How do I decide between a one-tailed and two-tailed test?

Read the alternative hypothesis. If Hₐ says “not equal to” (≠), it’s two-tailed. If Hₐ says “greater than” (>) or “less than” (<), it's one-tailed. The CFA exam usually tells you which one to use. One-tailed tests are more powerful for detecting an effect in a specific direction because the entire rejection region is on one side.

What does “power of a test” mean?

Power is the probability of correctly rejecting a false null hypothesis — it equals 1 − β, where β is the Type II error probability. A test with high power is good at detecting a real effect. You can increase power by increasing sample size, increasing α (at the cost of more Type I errors), or testing larger true effect sizes.

Why is the chi-square test of independence always one-sided?

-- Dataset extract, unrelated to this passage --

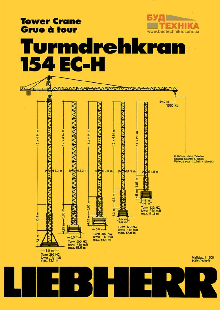 Баштовий кран Liebherr 154 EC-H — верхньоповоротний, продаж в Україні

Because the chi-square statistic sums squared differences between observed and expected frequencies — it’s always non-negative. Large values indicate that observed data differ significantly from what you’d expect under independence. There’s no concept of a “negative” chi-square value, so the rejection region is always in the right tail only.

How does the Central Limit Theorem help with hypothesis testing?

The CLT guarantees that the sampling distribution of the mean is approximately normal for large sample sizes, even if the underlying population isn’t normal. This allows you to use z-based and t-based tests on real financial data — which is typically skewed and leptokurtic — as long as your sample is large enough. Without the CLT, you’d need to know the exact population distribution to run most tests.